I am getting this error when I am trying to run word2vec from gensim library of python. I am using python 3.4 and OS is windows 7. I have also attached complete stacktrace as well. I read online and it says that this is an issue with python 2.x, but I am getting in python 3.4
model = word2vec.Word2Vec(sentences, workers=num_workers, \
size=num_features, min_count = min_word_count, \
window = context, sample = downsampling)
Traceback (most recent call last):
File "<pyshell#137>", line 3, in <module>
window = context, sample = downsampling)
File "C:\Python34\lib\site-packages\gensim\models\word2vec.py", line 417, in __init__
self.build_vocab(sentences)
File "C:\Python34\lib\site-packages\gensim\models\word2vec.py", line 483, in build_vocab
self.finalize_vocab() # build tables & arrays
File "C:\Python34\lib\site-packages\gensim\models\word2vec.py", line 611, in finalize_vocab
self.reset_weights()
File "C:\Python34\lib\site-packages\gensim\models\word2vec.py", line 888, in reset_weights
self.syn0[i] = self.seeded_vector(self.index2word[i] + str(self.seed))
File "C:\Python34\lib\site-packages\gensim\models\word2vec.py", line 900, in seeded_vector
once = random.RandomState(uint32(self.hashfxn(seed_string)))

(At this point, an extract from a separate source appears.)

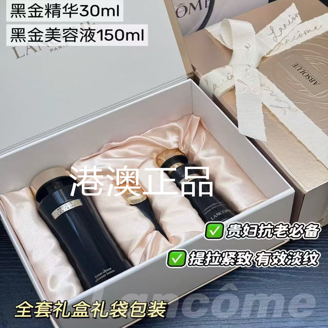 兰蔻黑金三件套面部护理黑金水面霜精华套装紧致抗皱礼盒装正品

OverflowError: Python int too large to convert to C long
Take note that python (2 and 3) support integers of arbitrary size - python will just keep on adding additional "digits" (actually groups of them in long
s) when you reach the current maximum size. The only differences between py2 and py3 is that the former will start with an actual C int
or long
before going to the arbitrary size python long
. In py3, you always get the python long
type.
Long story short: check the size of your integers.